— Problem details —
Starting at the line that contains "Парфюм, предназначенный для", transcribe each line through the end of the material below, exactly and nothing else, leaving out the pictures.
=== Section Start ===
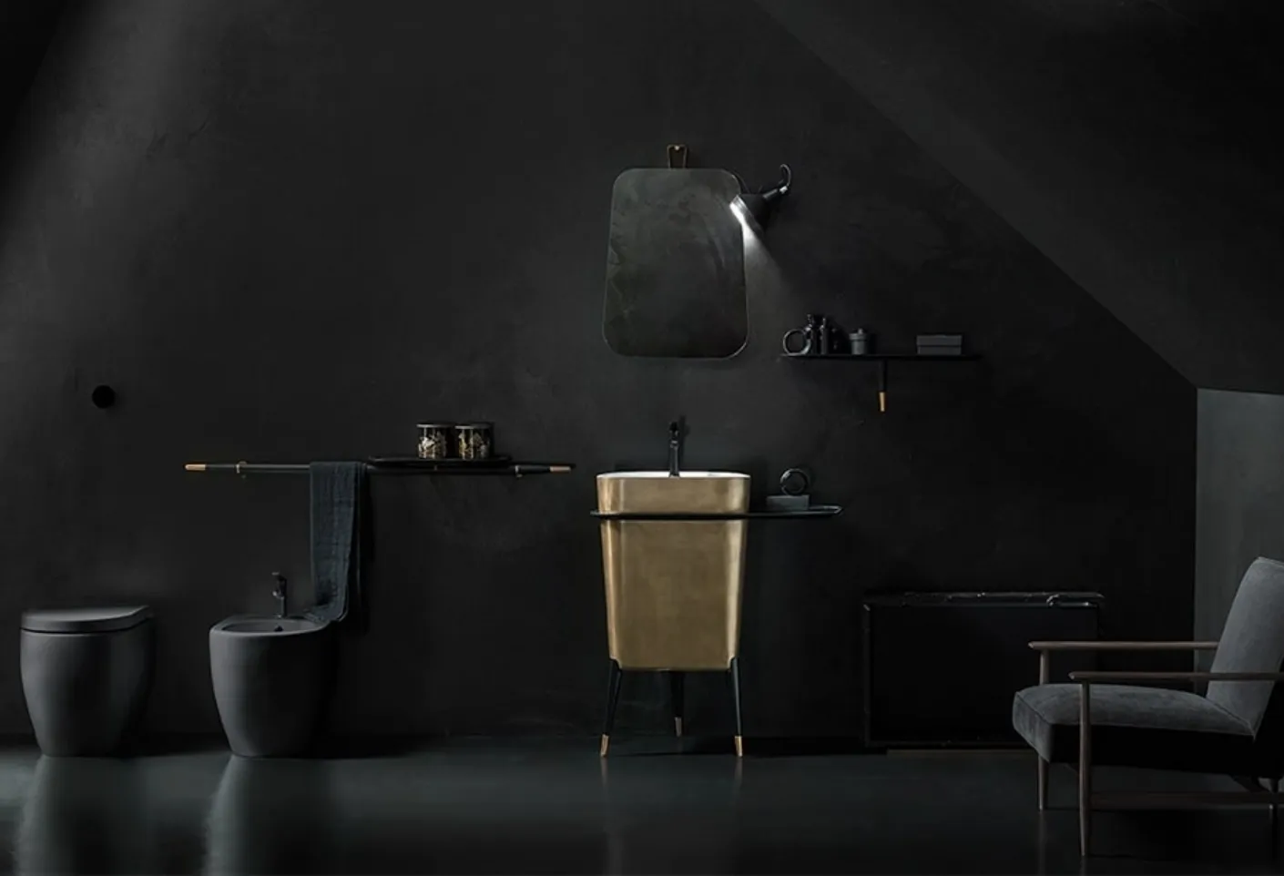 Free 04 washbasin in Metallic Bronze by Cerasa: click and get information on floor-standing bathroom furniture in matte lacquered finish and accessory elements from the brand.
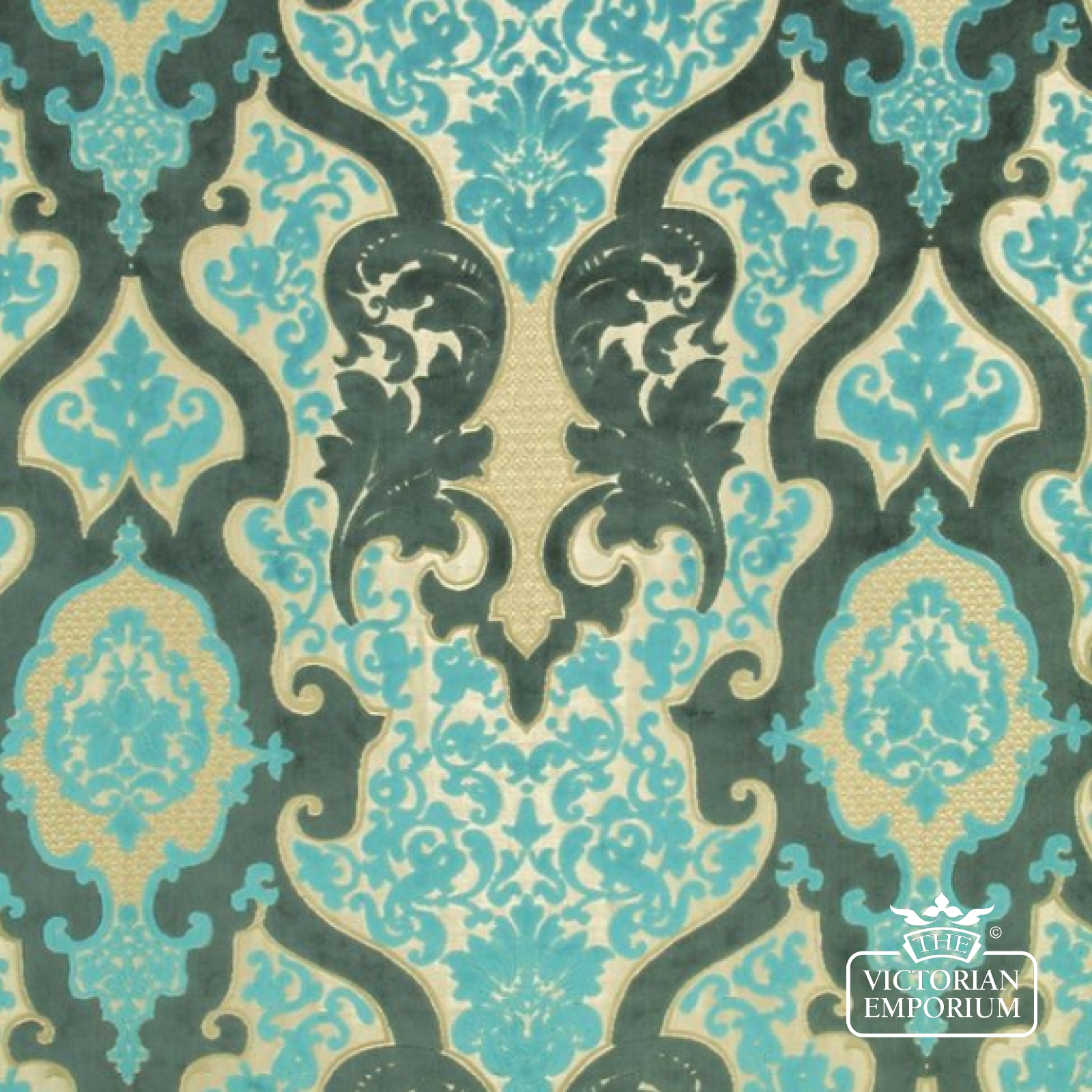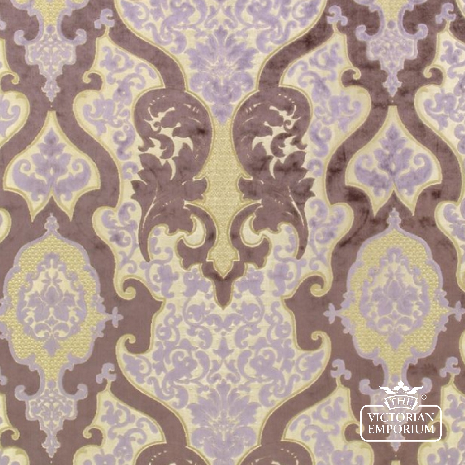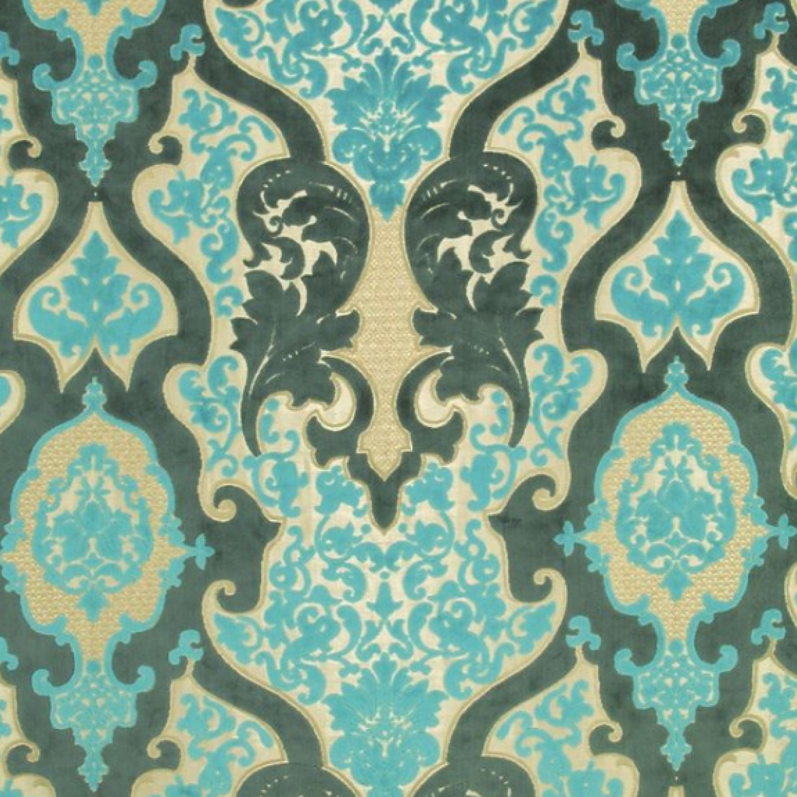 A classic rococo pattern in a luxurious cut velvet quality, woven on a shimmering jaquard woven ground
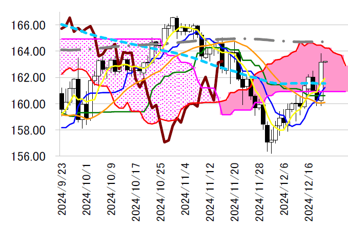 レジスタンス1 164.24(日足一目均衡表・雲の上限)
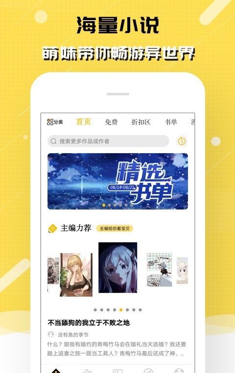 用户可以在此栏中搜索他们感兴趣的作者和作品,或者根据不同的推荐和图书列表找到他们想读的书。
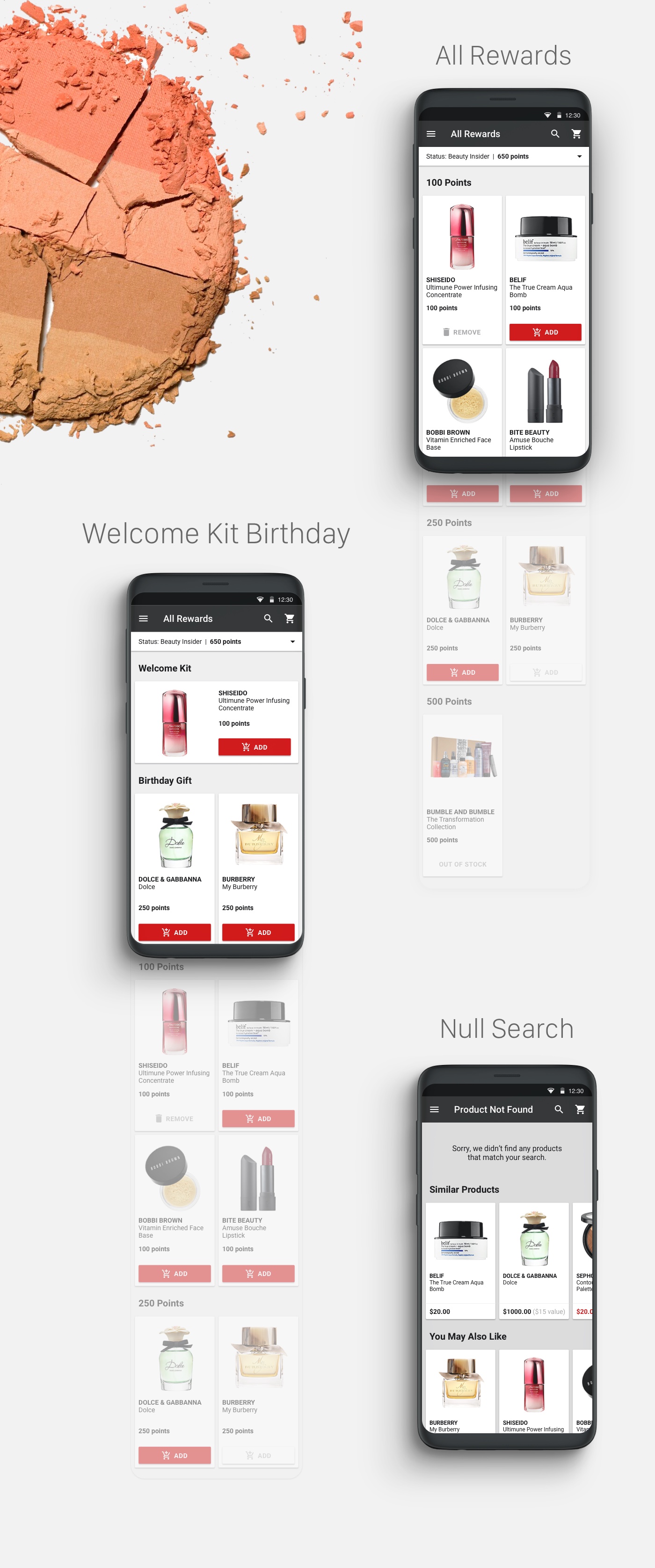 From Bazaar Rewards program to the Sephora Rewards program, the design elements and visual language needed a new fresh update to its look and feel. This included the new rewards meter, daily rewards bazaar, brand spotlight, and shop all rewards section.
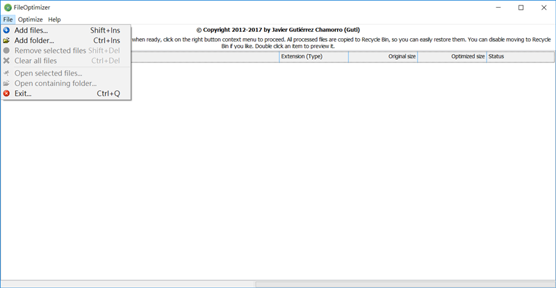 點開左上角「File」看要加入檔案還是整個資料夾,要注意的是最佳化完成後會直接產生新檔,未壓縮的原始檔則會跑到資源回收桶,如果不確定壓縮品質建議抓回來當備份。
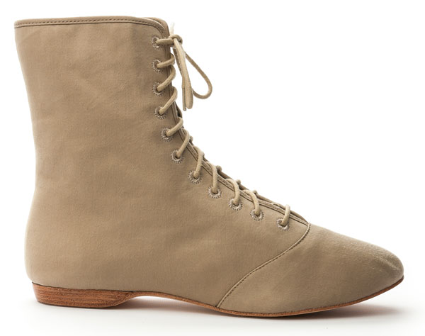 Most significantly, the lack of a toe box means that these boots have no stiffening except for what's necessary at the heel. The entire upper shapes itself to my foot, especially the toe, which is low without being flat. It hugs my ankle, tapering back in over the heel - a really lovely curve. And when worn, it almost gives the effect of being sole-less, since the upper overhangs the sole just a little bit all around, including the toe and heel. It's a very light, graceful look. They're VERY close to these, from the Powerhouse Museum.
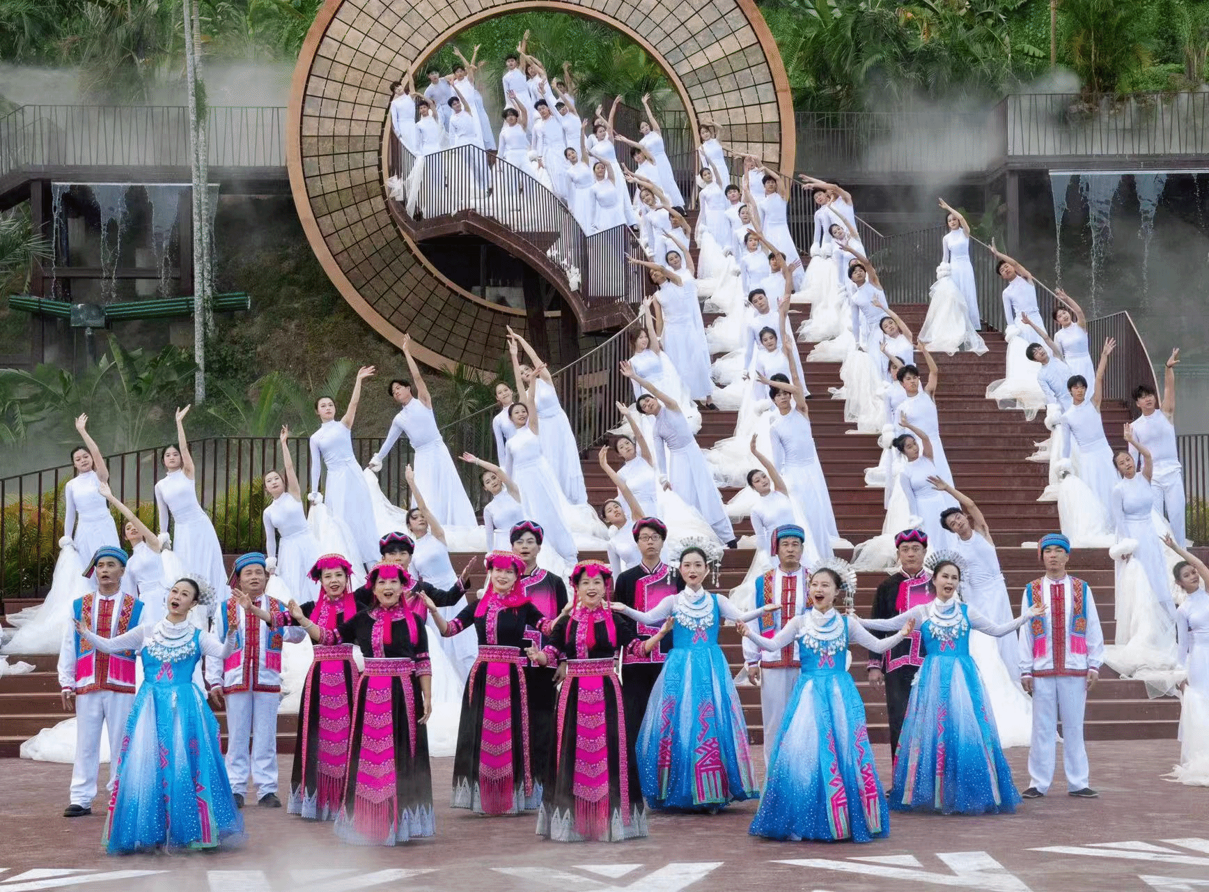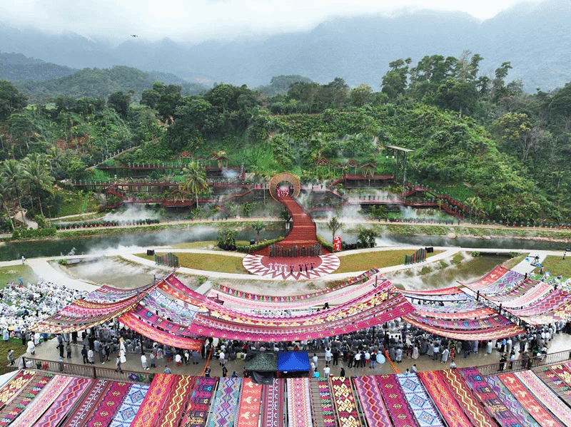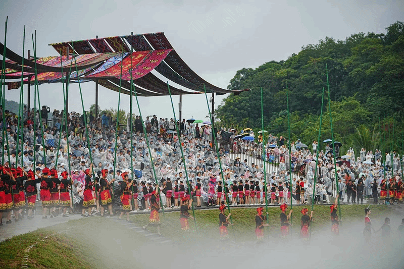 11月25日,2023年“雨林与您”体验活动(陵水主会场)暨“雨林·山水时光”实景演出在陵水黎族自治县本号镇小妹村举行。琼台师范学院音乐学院共388名师生参与本次演出。
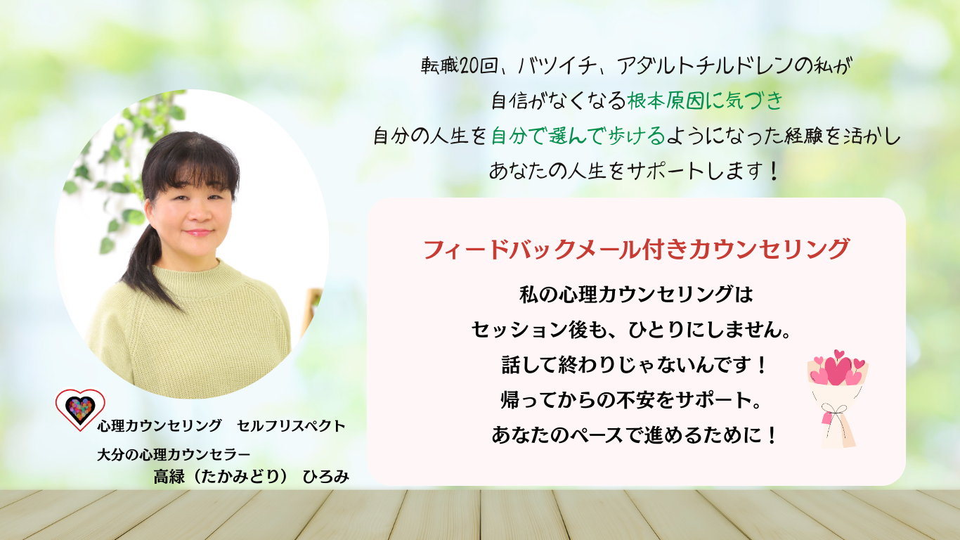 大分の心理カウンセラー/高緑ひろみ(たかみどり ひろみ)です。
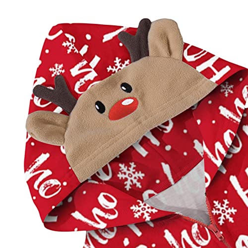 Christmas Matching Pajamas for Couples Funny Printed Zipper One Piece Hoodie Jumpsuit Onesie for Adult Women Men
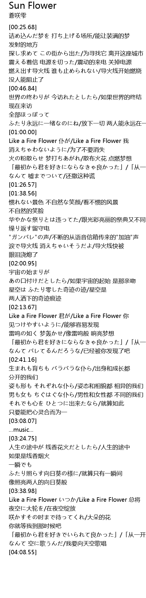 | [03:39.68] | Like a Fire Flower Like a Fire Flower zǒng jiāng |
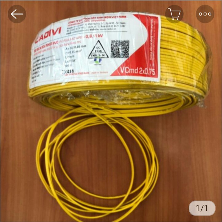 1. DÂY ĐIỆN ĐÔI 2 X 0.75 MM2 CADIVI có thiết diện 2X0.75 mm2, dây dài 100m/cuộn.
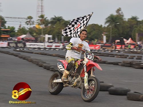 Nama – nama yang ternyata diunggulkan di preview otomotifZone kemarin, benar adanya. Karena jawara di SM 1 dipegang Doni Tata. Kelas SM2 dan SM3 diluar prediksi yakni Farudilla Adam lokal hero Malang menyabet dua kelas sekaligus , sementara SM4 diraih tetap Raden Aludona dari DIY dan mereka semua berhak motor Matik Honda Beat terbaru. Dari perjalan selama 4 seri ini, Diva Ismayana tetap merupakan crosser unggulan Tim Djagung ORCA Bali MX VMX meski belum pegang poin terbanyak, tetapi tetap dinobatkan King of Moto oleh salah satu produk helmet balap. “ Saya seri ke 2 absen karena saat itu saya cedera di Motocross “ sesal Diva. Meski demikian kelas SM1 seri pamungkas ini Diva tetap podium pertama.
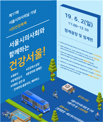서울특별시의사회(회장 박홍준)는 오는 6월 2일(일) 오전 11시 청계광장 소라 상 앞에서 ‘제17회 서울시 의사의 날 기념 시민건강축제’를 개최한다고 11일 오전 밝혔다. 이번에 열리는 ‘서울시 의사의 날 기념 시민건강축제’는 의사회원과 가족 서울시민이 함께하는 행사로 서울특별시의사회가 서울시민에게 다가가는 의사 상을 구현을 위한 취지로 열린다. 서울시민들에게 건강정보를 제공하고 ‘1365 자원봉사 포털’을 통한 사전신청 후 쓰레기 줍기 등 환경보호 걷기대회에 참가한 시민과 학생은 봉사활동 3시간을 받는다. 참가비 없이 진행될 예정인 이날 행사는 사전등록과 관계없이 현장에서 직접 참여할 수 있으며 완주한 시민에게 자전거, 체중계, 건강검진권 등의 상품을 추첨을 통해 제공한다. 이번 행사는 오전 11시 개회식을 시작으로 11시 50분에 건강부스 상담 및 걷기대회가 본격적으로 진행되며, 왕복 4km의 코스(청계광장→배오개다리(반환점)→청계광장)를 완주 후 밴드(squidclam)와 메버릭스(연세의대 춤 동아리) 공연 후 13시 30분 경품 추첨을 끝으로 마무리할 예정이다. 이날 행사는 3,000여 명의 시민과 의사회원 및 가족들이 함께하는 행사로 서울시와 서울시 의회, 서울시 교육청, 서울시 중구, 유관기관(공단, 심평원)의 후원과 25개 구분 회 및 32개 특별 분회 의사회원이 참여할 예정이다.
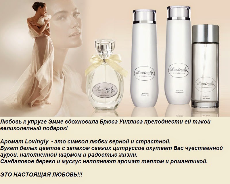 Парфюм, предназначенный для современных и стильных женщин, излучающих особую чувственность, - признание в любви известного актера к жене, Эмме Хэминг-Уиллис. Оба ароматы были номинированы на европейскую награду в области парфюмерии "Duftstars".
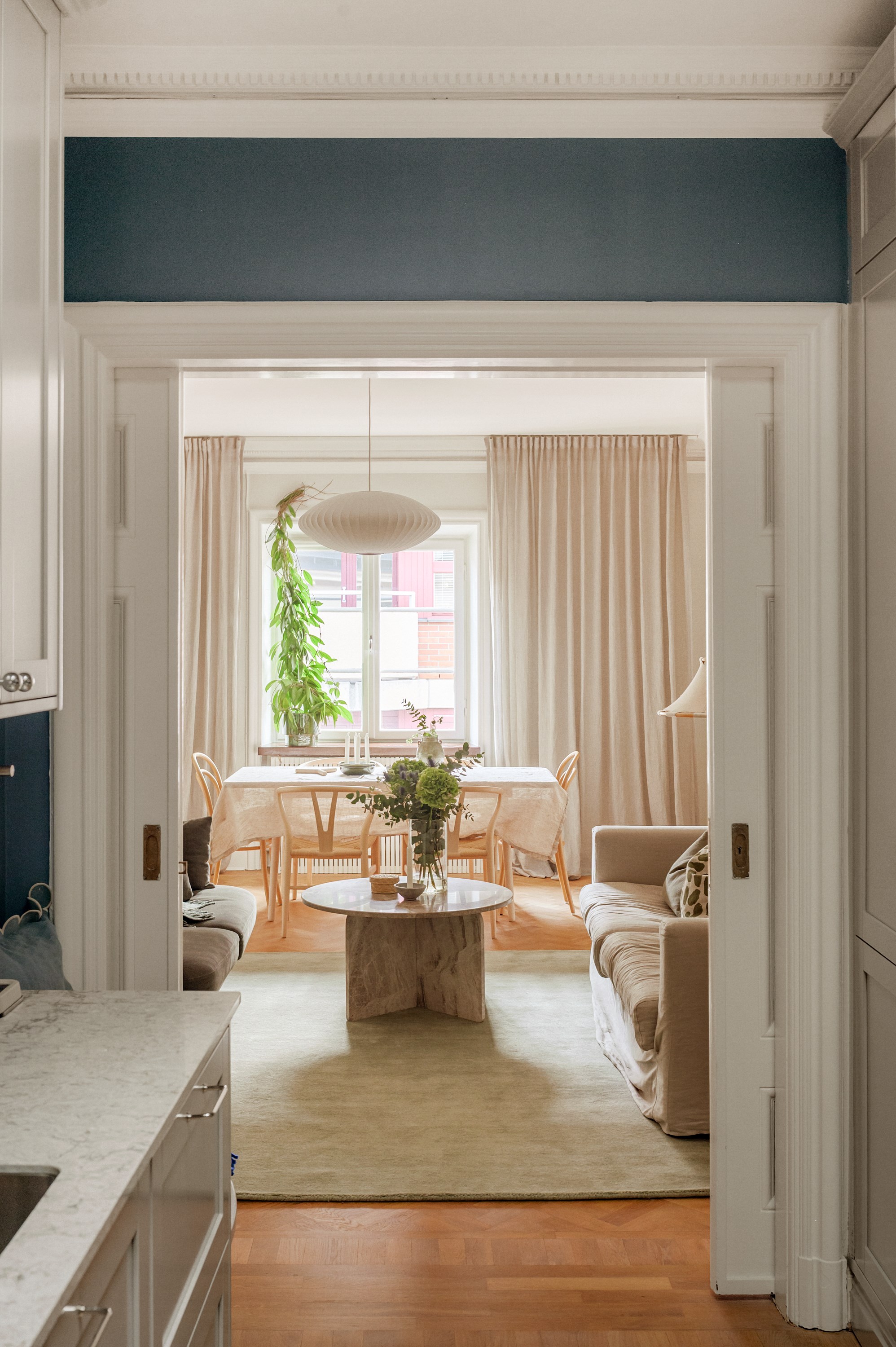 - Lättmöblerat vardagsrum med fiskbensparkett, slätstuckatur och ett stort spröjsat fönster. Vacker skjutdörr till köket.
=== Section End ===
— Task result —
 Парфюм, предназначенный для современных и стильных женщин, излучающих особую чувственность, - признание в любви известного актера к жене, Эмме Хэминг-Уиллис. Оба ароматы были номинированы на европейскую награду в области парфюмерии "Duftstars".
 - Lättmöblerat vardagsrum med fiskbensparkett, slätstuckatur och ett stort spröjsat fönster. Vacker skjutdörr till köket.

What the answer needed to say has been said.